Gö Khugpa, 'Gos Khug-pa Lhas-btsas, Gö Kuk-ba-hlay-dzay, is also written as Khug-pa-Lhas-tsi, or simply 'Gos, was a famous Tibetan monk and translator (or lotsawa) of the 11th century.

He was born in the town of Tá-nag-phu in the province of Tsang. He travelled to India where he studied under 72 religious teachers. He learnt the sutras and mantras but was most interested in the Guhyasamaja Tantra which he assiduously promulgated in Tibet. The Guhyasamaja Tantra is considered to be, along with the Kalachakra Tantra and the Yamantaka Tantra, one of the 'Highest Yoga Tantras'.

His personal name was Lhas-btas ("Protected by gods"). His family name was 'Gos but, as his mother and father were both from the 'Gos family, he was often called 'Gos Khug-pa ("intermarried 'Gos").

He was very critical of the 'Ancient Translation School' of the Nyingma. In particular, he wrote a long criticism of the Nyingma Guhyagarbha Tantra, as he failed to find any lineage for the tantra in India and thought that it didn't resemble genuine Indian tantras, which led to it being excluded from the Tibetan scriptural canon, the Kangyur, which was compiled in the 14th century.
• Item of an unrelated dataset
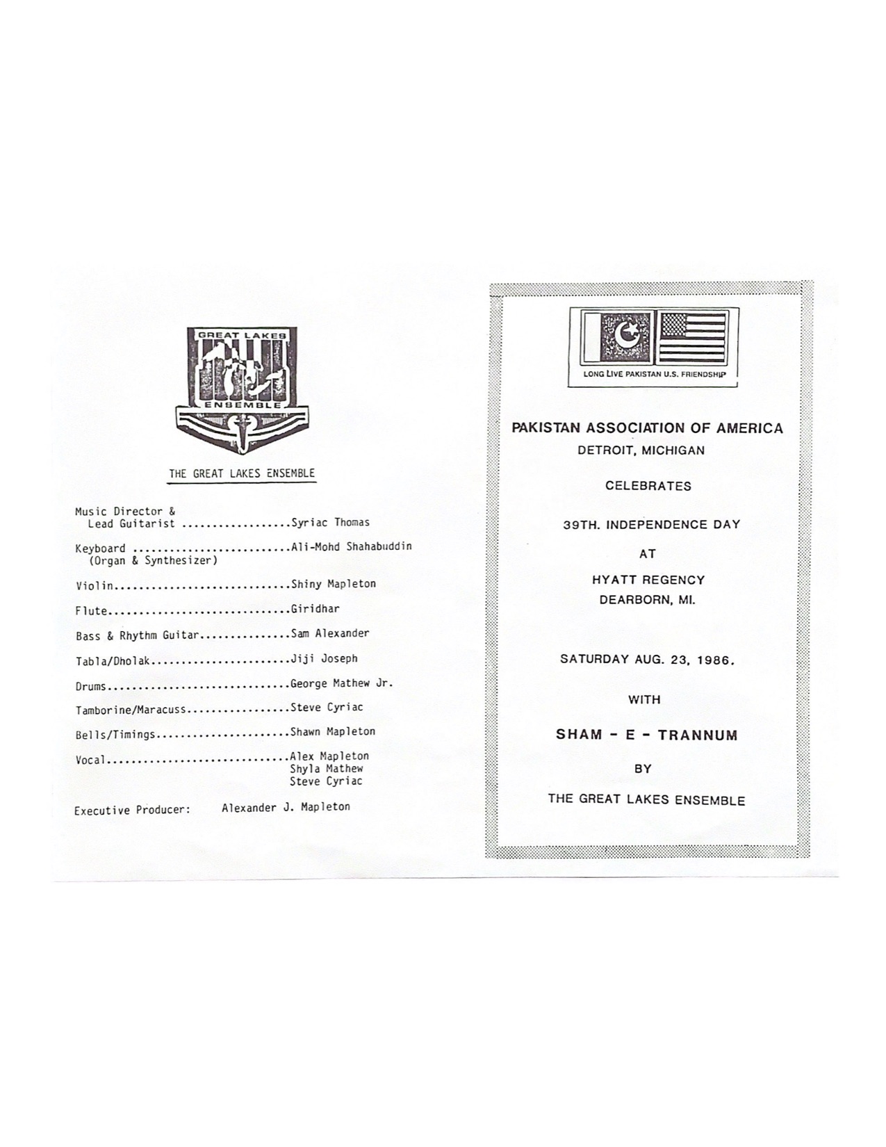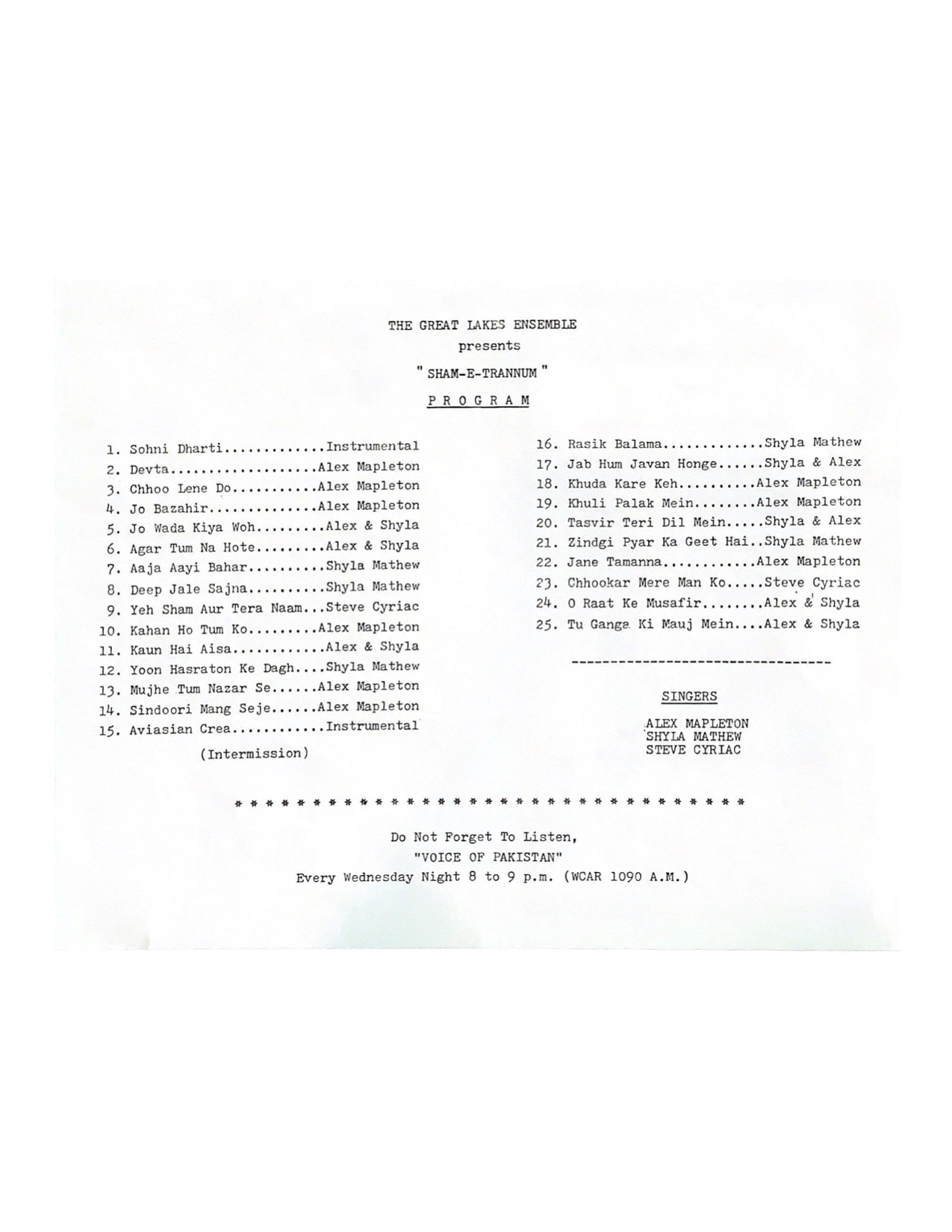 - Sham-A-Trannum – A concert sponsored by the Pakistan Association of America on August 23, 1986 in Detroit with songs selected from both Indian and Pakistan.

However, he composed several commentaries on the Yamantaka Tantra and performed the ceremony of Yamantaka according to the Nyingma rites.

In the lineage of the Tibetan Panchen Lamas there were considered to be four Indian and three Tibetan incarnations of Amitabha Buddha before Khedrup Gelek Pelzang, who is recognised as the 1st Panchen Lama. The lineage starts with Subhuti, one of the original disciples of Gautama Buddha. Gö Lotsawa is considered to be the first Tibetan incarnation of Amitabha Buddha in this line.